The Daily Herald
Women see few leads in films
October 20, 1988
TORONTO – Imagine “Star Wars” featuring Lucy Skywalker and Hana Solo Or “Ghostbusters” starring Lily Tomlin, Bette Midler and Whoopi Goldberg.
It’s close to impossible, because the film business has conditioned audiences to expect male leads, actresses and industry observers say.
“I sit through these movies and I keep thinking, ‘When is the woman going to come on so I can have someone to relate to'”‘ said actress Jobeth Williams, who starred in “Poltergeist” and “The Big Chill.”
“It’s very frustrating, because for every one woman role there are five or six or 10 written for men.”
Williams, in an interview at Toronto’s recent international film festival, said a lack of significant roles for women bothers her both as a moviegoer and as an actress.
The names of leading men that spring to mind- Tom Cruise, Tom Hanks, Tom Selleck, Tom Berenger, Harrison Ford, Robert DeNiro, Paul Newman, Kevin Costner, Robert Redford, Dustin Hoffman, Al Pacino, Woody Allen, Jack Nicholson, Richard Gere, Sylvester Stallone.

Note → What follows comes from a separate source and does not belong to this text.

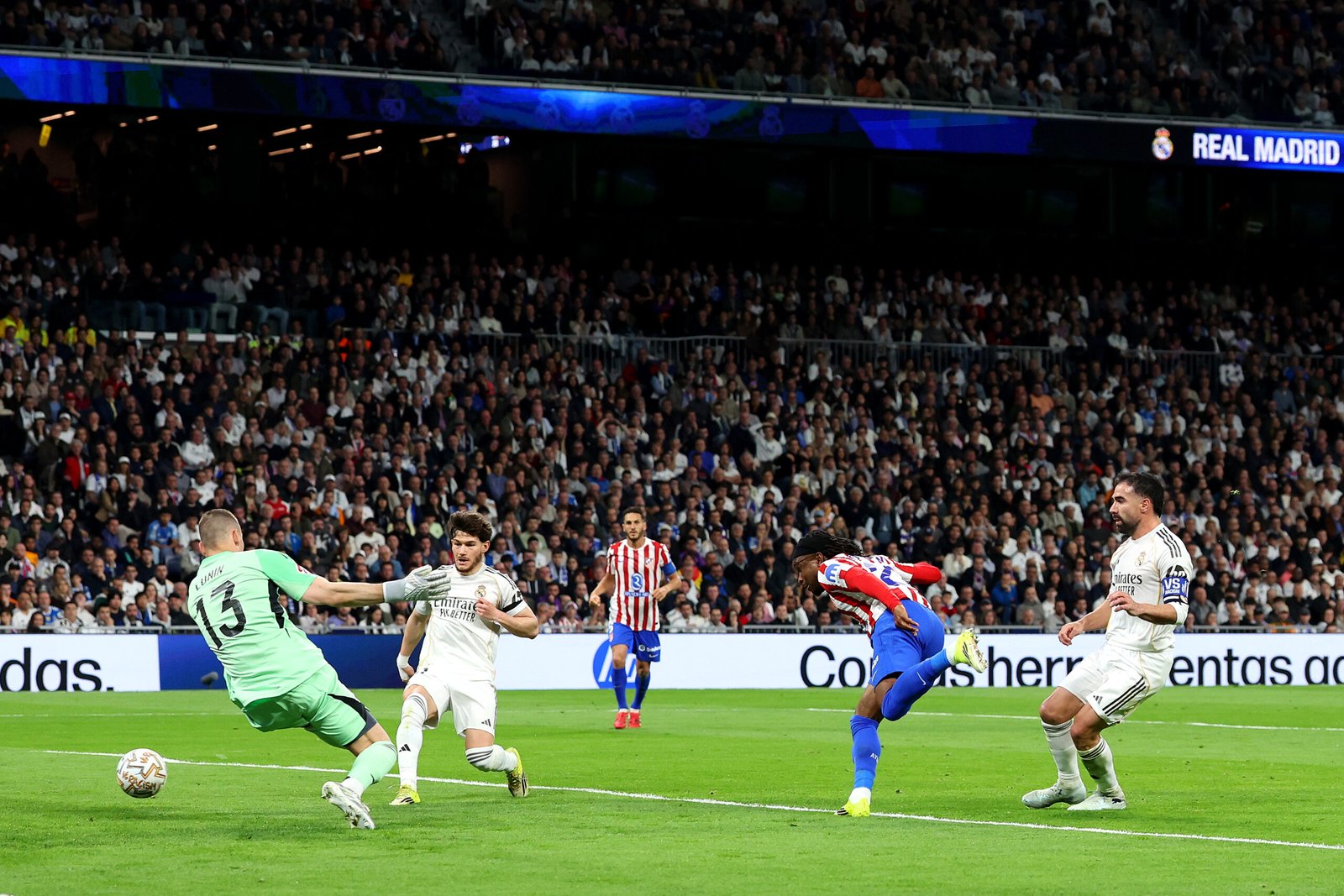 A partir de la mitad del primer tiempo, el Real Madrid empieza a tener un mayor dominio de balón; sin embargo, no consiguió marcar un gol al equipo de Simeone. En el minuto 23, un córner perfectamente ejecutado de Güler dio lugar a un remate de Rüdiger que terminó sacando Giuliano Simeone en la línea hasta en dos ocasiones. Debido al dominio blanco, los rojiblancos trataron de frenar a los jugadores locales con algunas faltas que posteriormente se tradujeron en tarjetas amarillas: la primera la recibió Cardoso en el 26 y la segunda Ruggeri en el 35. Antes de la acción del italiano, en el minuto 32, los colchoneros sorprendieron en un contragolpe a la defensa del Real Madrid y, tras una combinación por la banda entre Lookman y Ruggeri, el lateral italiano centró el balón dentro del área y Giuliano Simeone realizó un taconazo perfecto para que Lookman batiera a Lunin y pusiera el 0-1 en el marcador.

Women? Meryl Streep, Cher, Bette Midler – maybe.
“I can only go through so many movies where men try to work out their problems with each other or teenage boys try to get their puberty over with,” Williams said. “I keep saying it’s got to change. It’s really frustrating.”
Theresa Russell, who shared top billing with Debra Winger in “Black Widow,” and who made most her f i lms with husband-director Nicholas Roeg, agreed there is a lack of leading roles for women.
“There are about five good scripts for female leads and there are five top actresses,” Russell said. “Even top names will go and audition and get turned down ”
But Shirley MacLaine, at the festival to promote “Madame Sousatzka,” in which she plays a strongminded, eccentric piano teacher, urged women not to “just sit around and wait”
Actresses must develop their own scripts and go out of their way to play “unpretty” character roles, she said.
“I’m not saying that these actresses are more concerned with cosmetics and glamor than the parts,” MacLaine said “But I am saying that having been through it myself, there comes a time when you decide you want to play more real people than have theatrical glamor.”
Barbara Sternburg, film professor at Toronto’s York University, said the lack of roles for women stems from a lack of women in the industry, and “all the way along the line it’s made very clear that they’re really not accepted.” In “Calling the Shots,” a documentary screened at the festival, women directors and producers discussed problems they had getting films made.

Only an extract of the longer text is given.